═══ Data extracts ═══

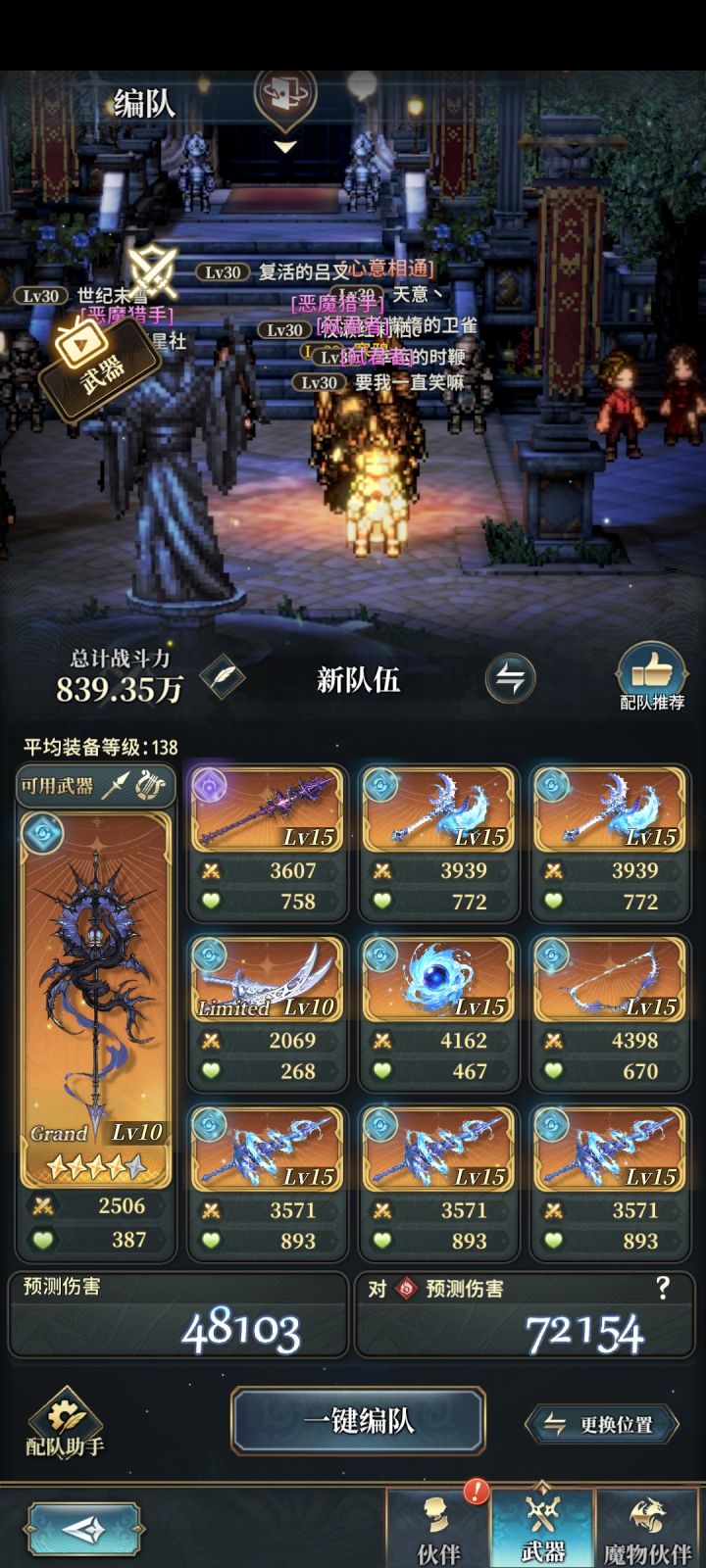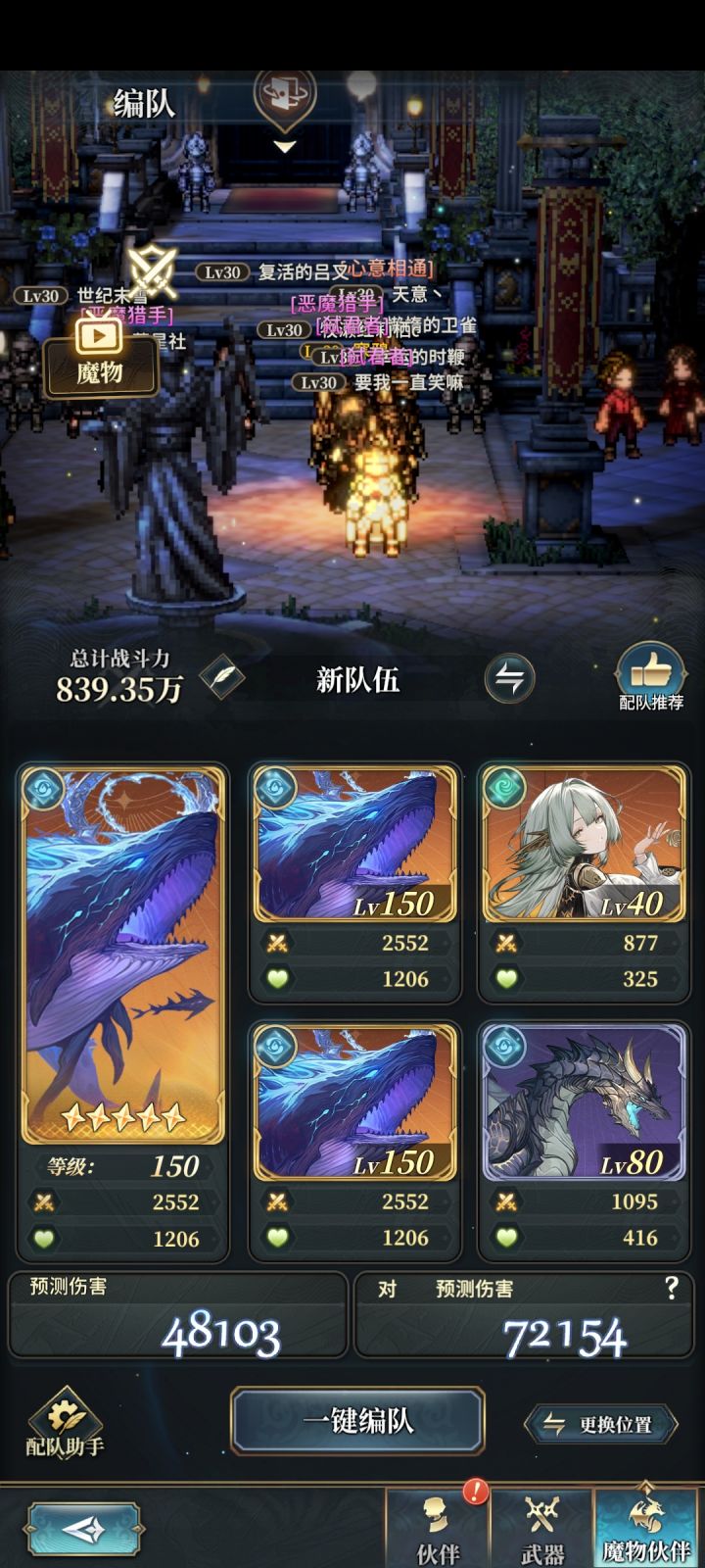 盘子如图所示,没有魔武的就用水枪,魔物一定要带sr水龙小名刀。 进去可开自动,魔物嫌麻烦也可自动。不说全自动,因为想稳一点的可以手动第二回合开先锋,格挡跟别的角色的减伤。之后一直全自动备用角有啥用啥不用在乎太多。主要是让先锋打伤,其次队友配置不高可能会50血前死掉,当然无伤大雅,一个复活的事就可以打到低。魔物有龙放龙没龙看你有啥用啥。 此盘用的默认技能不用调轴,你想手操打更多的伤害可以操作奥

═══
═══ Data extracts ═══

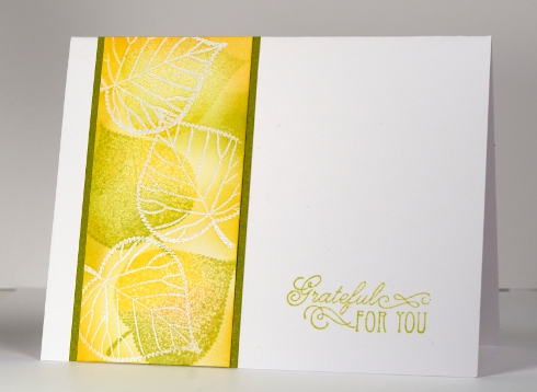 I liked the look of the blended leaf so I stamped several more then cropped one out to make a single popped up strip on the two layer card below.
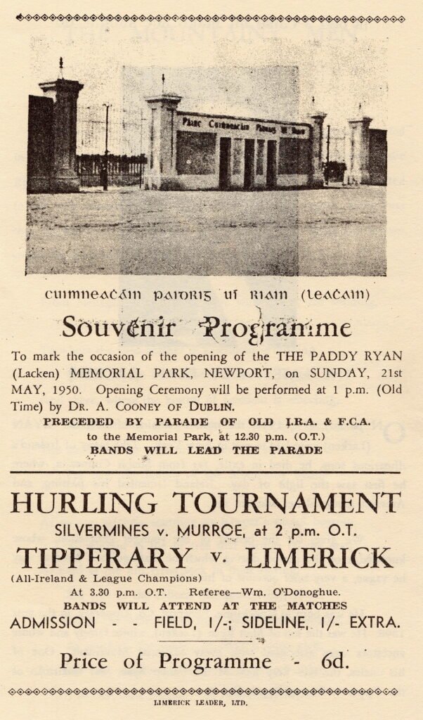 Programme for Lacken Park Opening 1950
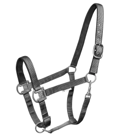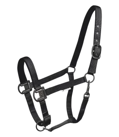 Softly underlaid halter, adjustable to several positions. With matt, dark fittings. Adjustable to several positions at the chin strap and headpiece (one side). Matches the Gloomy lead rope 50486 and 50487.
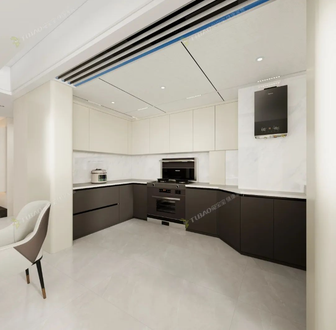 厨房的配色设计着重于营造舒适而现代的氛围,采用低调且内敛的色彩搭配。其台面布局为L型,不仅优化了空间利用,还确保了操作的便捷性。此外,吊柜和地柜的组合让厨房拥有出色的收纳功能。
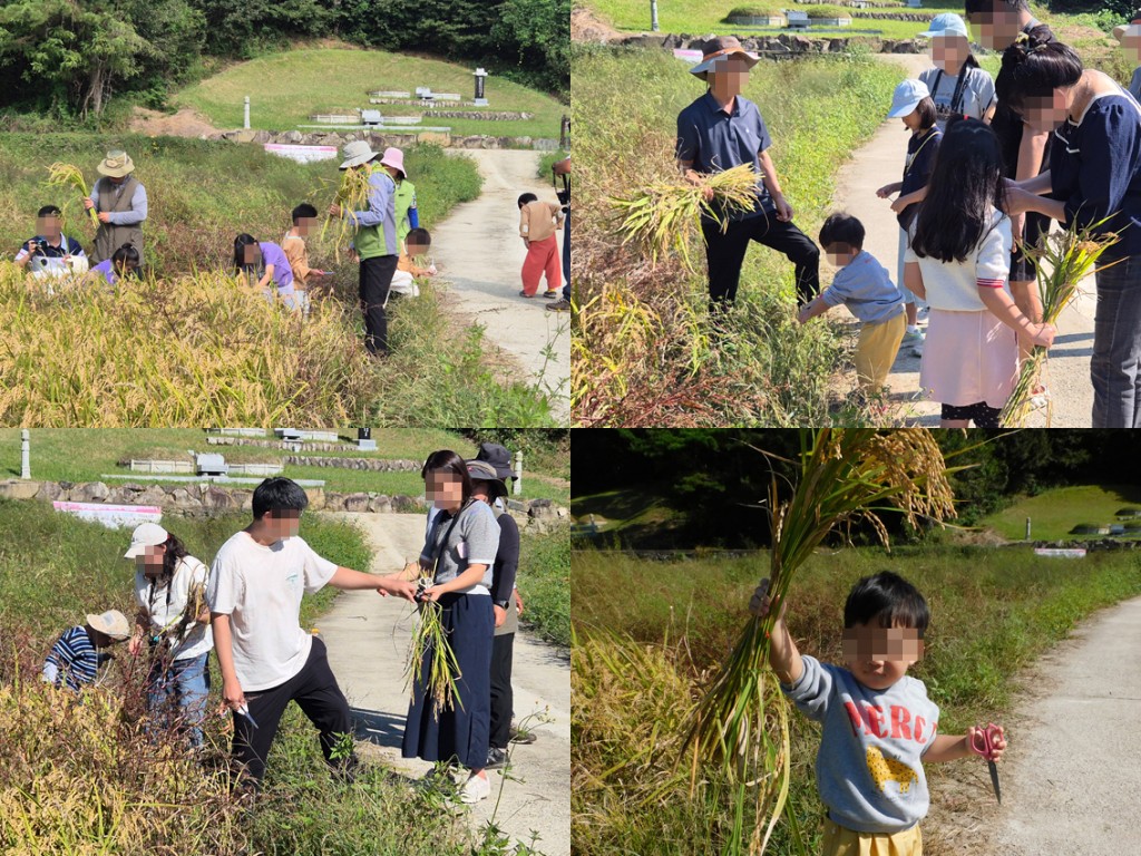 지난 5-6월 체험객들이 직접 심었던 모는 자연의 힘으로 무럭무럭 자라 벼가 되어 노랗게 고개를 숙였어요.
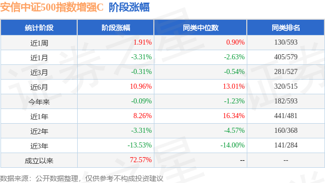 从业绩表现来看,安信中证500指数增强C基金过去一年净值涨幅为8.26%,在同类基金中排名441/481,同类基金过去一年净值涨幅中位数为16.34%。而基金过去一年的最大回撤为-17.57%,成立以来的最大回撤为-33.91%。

═══
═══ Data extracts ═══

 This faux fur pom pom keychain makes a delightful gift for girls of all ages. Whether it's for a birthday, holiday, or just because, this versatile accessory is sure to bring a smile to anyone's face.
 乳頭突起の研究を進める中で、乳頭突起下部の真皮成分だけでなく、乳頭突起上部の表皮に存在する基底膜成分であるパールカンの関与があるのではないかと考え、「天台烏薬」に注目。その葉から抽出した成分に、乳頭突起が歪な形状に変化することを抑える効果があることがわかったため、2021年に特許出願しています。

═══

(Exercise brief)
Reproduce exactly the lines above that run from the one with "I liked the" to the one with "从业绩表现来看,安信中证50", both included, leaving pictures out.

(Written solution)
 I liked the look of the blended leaf so I stamped several more then cropped one out to make a single popped up strip on the two layer card below.
 Programme for Lacken Park Opening 1950
 Softly underlaid halter, adjustable to several positions. With matt, dark fittings. Adjustable to several positions at the chin strap and headpiece (one side). Matches the Gloomy lead rope 50486 and 50487.
 厨房的配色设计着重于营造舒适而现代的氛围,采用低调且内敛的色彩搭配。其台面布局为L型,不仅优化了空间利用,还确保了操作的便捷性。此外,吊柜和地柜的组合让厨房拥有出色的收纳功能。
 지난 5-6월 체험객들이 직접 심었던 모는 자연의 힘으로 무럭무럭 자라 벼가 되어 노랗게 고개를 숙였어요.
 从业绩表现来看,安信中证500指数增强C基金过去一年净值涨幅为8.26%,在同类基金中排名441/481,同类基金过去一年净值涨幅中位数为16.34%。而基金过去一年的最大回撤为-17.57%,成立以来的最大回撤为-33.91%。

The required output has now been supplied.